Я спросила у Буйновского, нет ли у него с собой отчета по острову, подготовленного аналитиками, чтобы я, лежа у бассейна, с ним ознакомилась. Шеф вручил мне его – и команда отбыла.
Я углубилась в чтение и обнаружила для себя массу полезной и любопытной информации, а также поняла, каким образом Андрею Николаевичу уже несколько лет удавалось на этом острове фактически легально заниматься противозаконным делом.
В этой стране можно делать все – если отстегивать кому положено соответствующие суммы. Хоть выращивай опиумный мак (и прочие аналогичные культуры), хоть ввози радиоактивные отходы, хоть распродавай национальные богатства и природные ископаемые направо и налево. Но тебе не дадут спокойно выращивать даже бананы с кокосами (которые растут здесь просто вдоль дорог), если ты не в состоянии дать взятку. Любое место – взятка. Любая бумажка – взятка.

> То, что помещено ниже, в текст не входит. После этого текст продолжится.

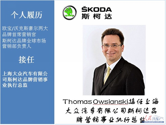 现任上海大众汽车有限公司斯柯达品牌营销事业执行总监Paul Willis 将离任,自2 月1 日起由Thomas Owsianski接任该职位。在担任此职位之前,ThomasOwsianski 曾作为斯柯达全球营销负责人,负责斯柯达品牌营销业务。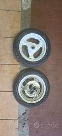 Vendo 2 cerchi, ant e post...sono stati verniciati a bomboletta quindi con un pò di diluente il bianco viene via, la gomma ant è abbastanza buona, quella dietro no..non sono storti o piegati...c è solo da ripulirli o verniciarli...

Бросалась в глаза просто катастрофическая разница между уровнем жизни богатых людей и большинством населения острова, на благополучие которого президенту и пригревшейся вокруг него кодле было наплевать. Президент и его семья, а также кучка высокопоставленных чиновников имели дома, виллы и замки за рубежом, их дети и внуки обучались в престижных колледжах и университетах в Англии и США, даже не подозревая (или не желая думать) о том, что кто-то у них на родине горбатится, не в состоянии не то что дать своим детям нормальное образование, но и толком их прокормить.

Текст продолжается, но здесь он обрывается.